(Task to complete) Please write out all of the data below exactly, without including the pictures.

(Extracted data)
......

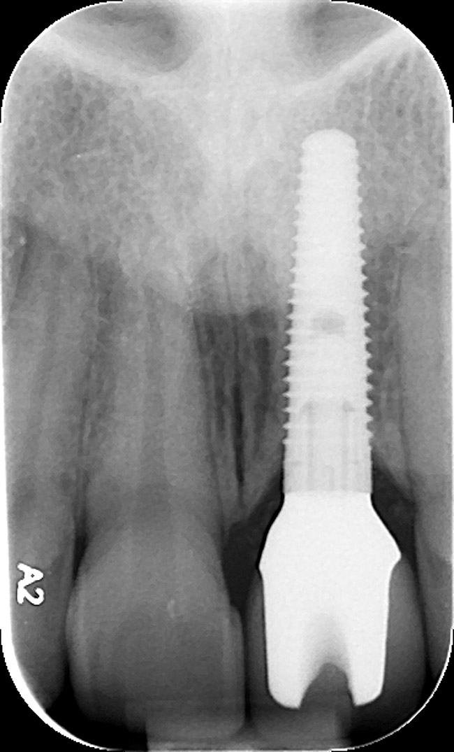 A resin-based removable partial denture fabricated by the restorative dentist to replace No. 26 was delivered and adjusted by the periodontist. After further consultation, the patient approved removal of teeth Nos. 24 and 25 to reduce the risk of implant complications (ie, infection) from adjacent questionable endodontically treated teeth. However, based largely upon patient input, the somewhat unconventional decision was made to keep No. 23; because it was healthy, she wished to retain it and replace the remaining three incisors instead of replacing all four with two implants and a 4-unit bridge.
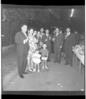 a party ; ten white people a family photo, five men and four women with two young children standing in front, the men are wearing black suits, the women are wearing dresses, all are holding a glass
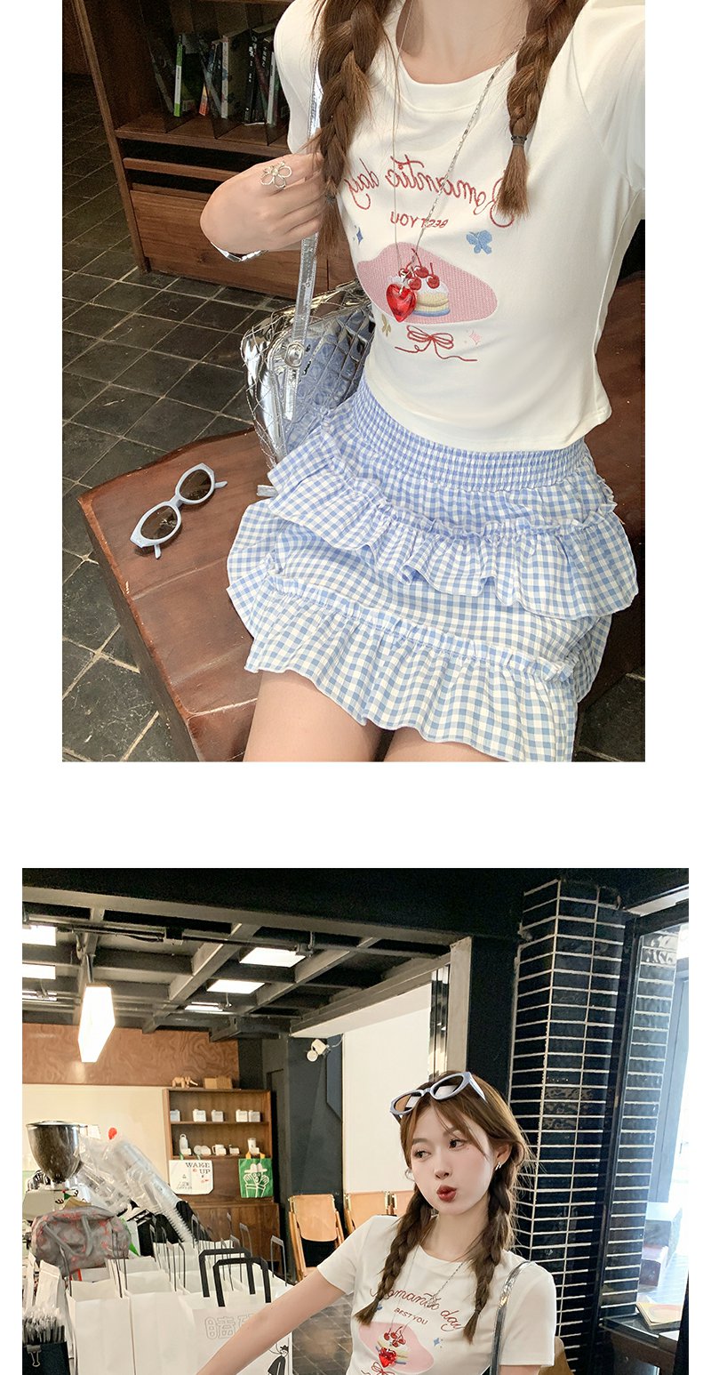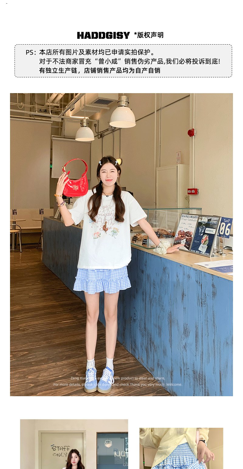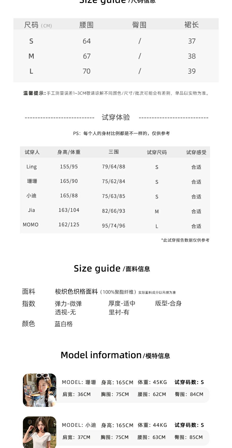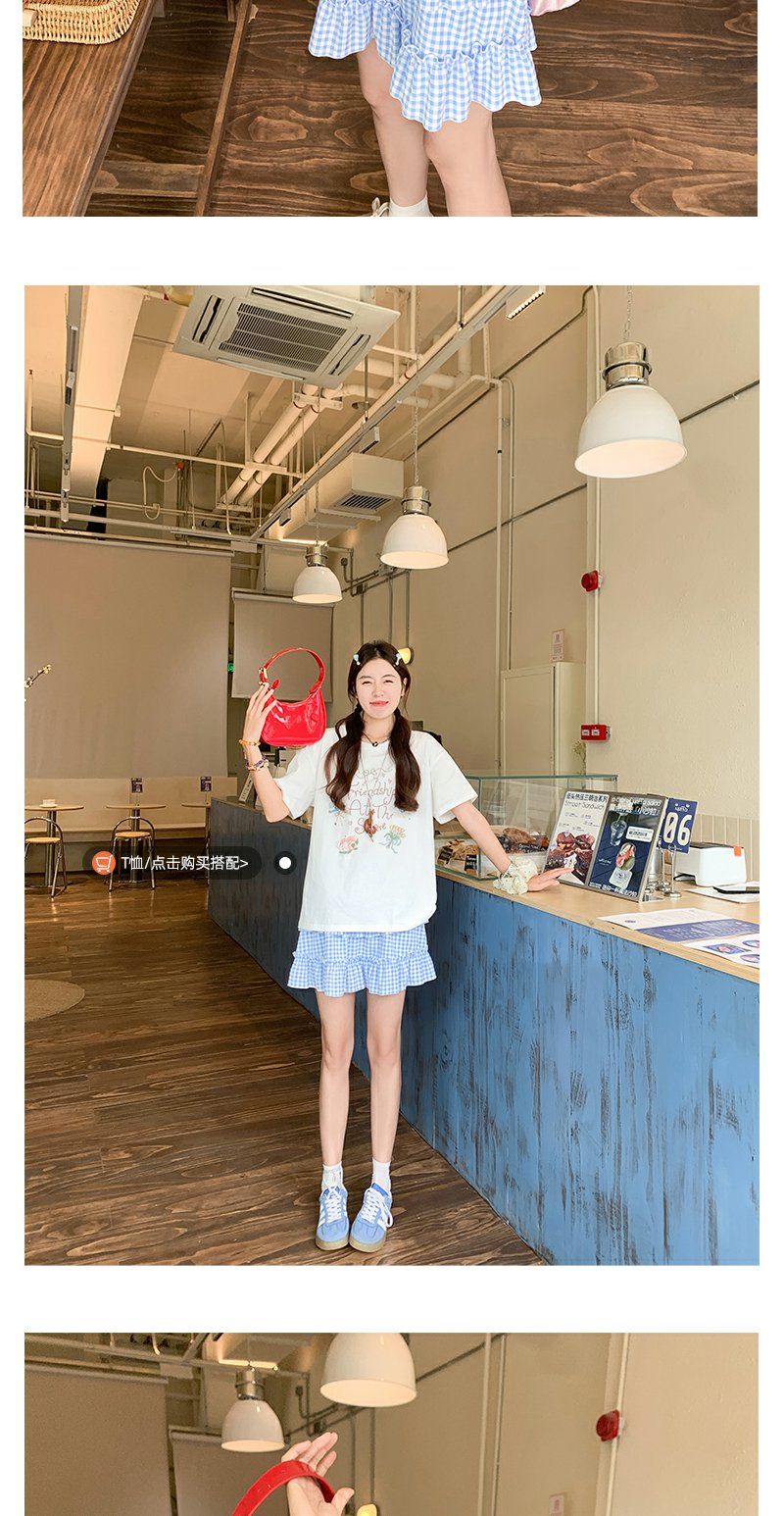 <曾小咸推荐>韩系甜美蓝格高腰显瘦蛋糕裙A字半身裙
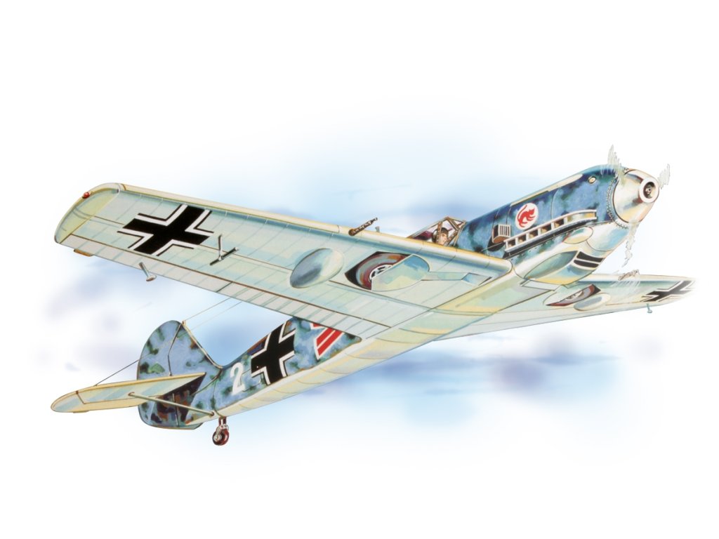 Messerschmitt Bf-109 (nebo správněji Me-109) tvořil po celou II. světovou válku spolu s FW-190 páteř německého stíhacího letectva. Poprvé byl do bojů nasazen již ve španělské občanské válce; průběžně modernizován, vybavován silnějšími motory a výzbrojí, byl pořád smrtelně nebezpečný, ačkoliv s lety nabíral na váze, a jeho původně skvěle vyvážené letové vlastnosti se zhoršovaly...
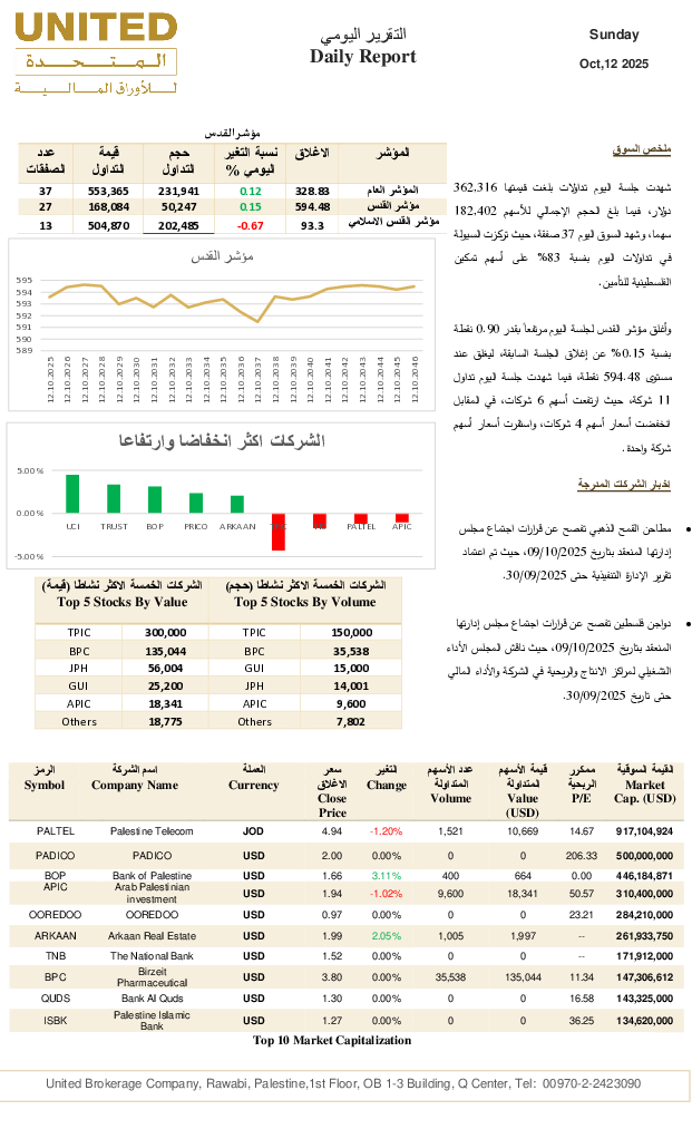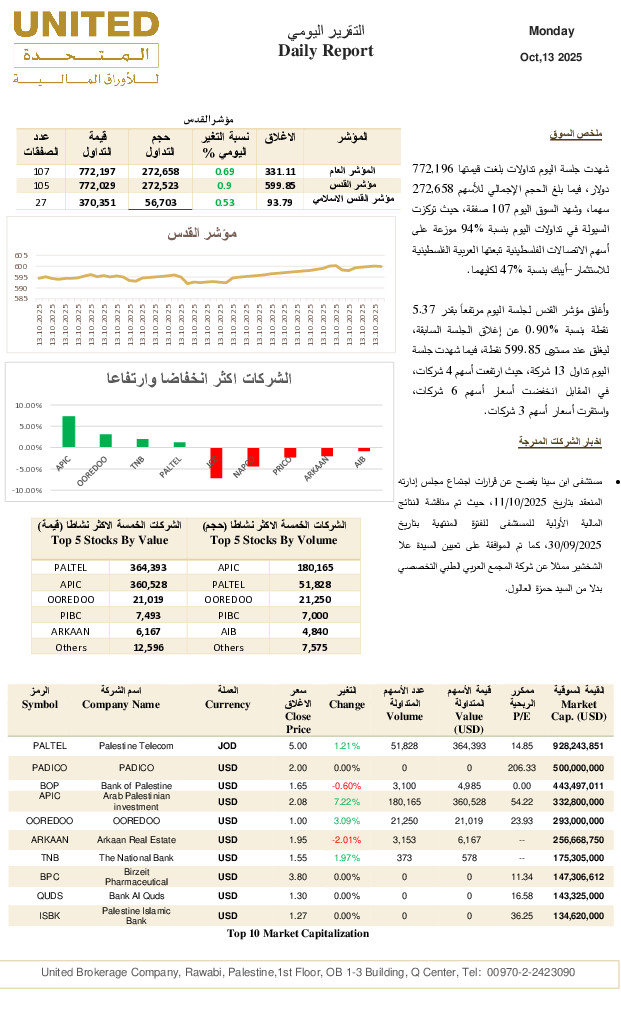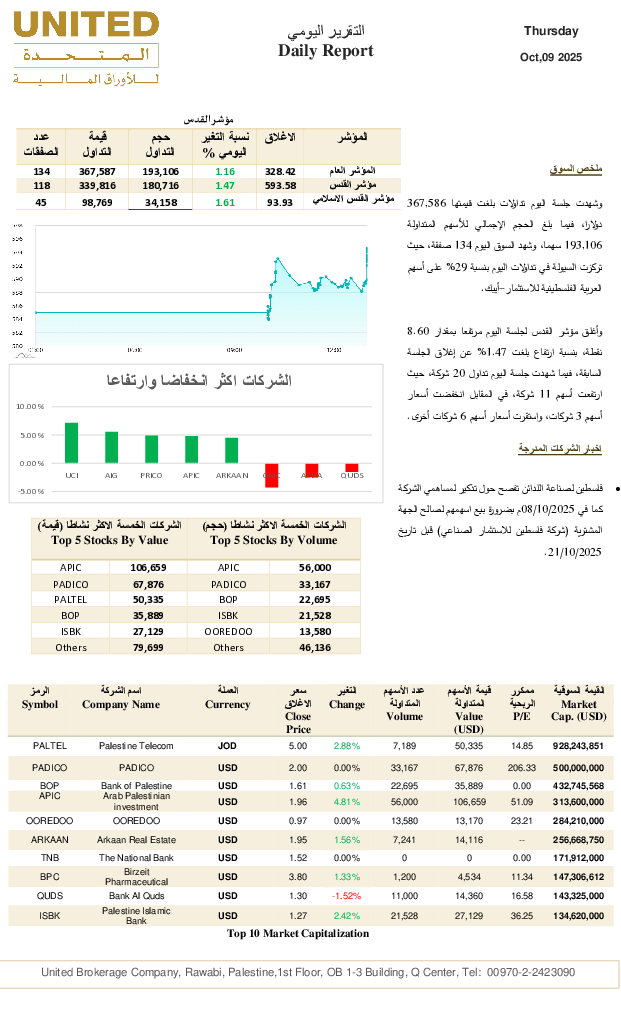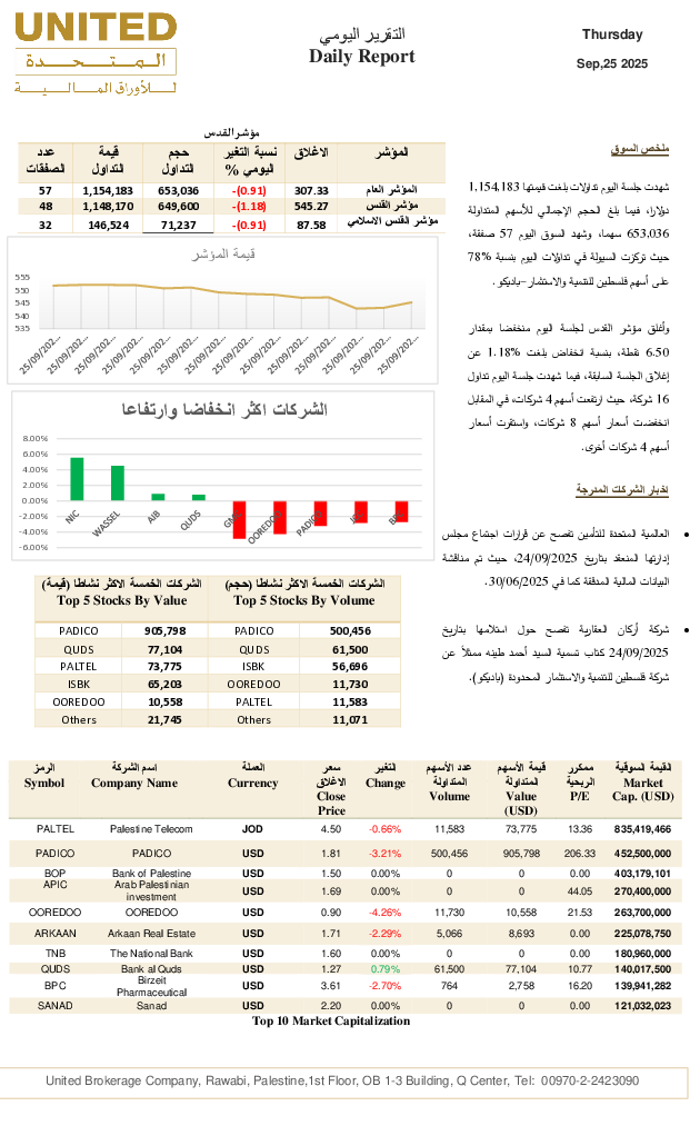 المتحدة أصبحت الخيار الأول للمستثمرين في فلسطين و خارج فلسطين

......

(Reply to the exercise)
 A resin-based removable partial denture fabricated by the restorative dentist to replace No. 26 was delivered and adjusted by the periodontist. After further consultation, the patient approved removal of teeth Nos. 24 and 25 to reduce the risk of implant complications (ie, infection) from adjacent questionable endodontically treated teeth. However, based largely upon patient input, the somewhat unconventional decision was made to keep No. 23; because it was healthy, she wished to retain it and replace the remaining three incisors instead of replacing all four with two implants and a 4-unit bridge.
 a party ; ten white people a family photo, five men and four women with two young children standing in front, the men are wearing black suits, the women are wearing dresses, all are holding a glass
 <曾小咸推荐>韩系甜美蓝格高腰显瘦蛋糕裙A字半身裙
 Messerschmitt Bf-109 (nebo správněji Me-109) tvořil po celou II. světovou válku spolu s FW-190 páteř německého stíhacího letectva. Poprvé byl do bojů nasazen již ve španělské občanské válce; průběžně modernizován, vybavován silnějšími motory a výzbrojí, byl pořád smrtelně nebezpečný, ačkoliv s lety nabíral na váze, a jeho původně skvěle vyvážené letové vlastnosti se zhoršovaly...
 المتحدة أصبحت الخيار الأول للمستثمرين في فلسطين و خارج فلسطين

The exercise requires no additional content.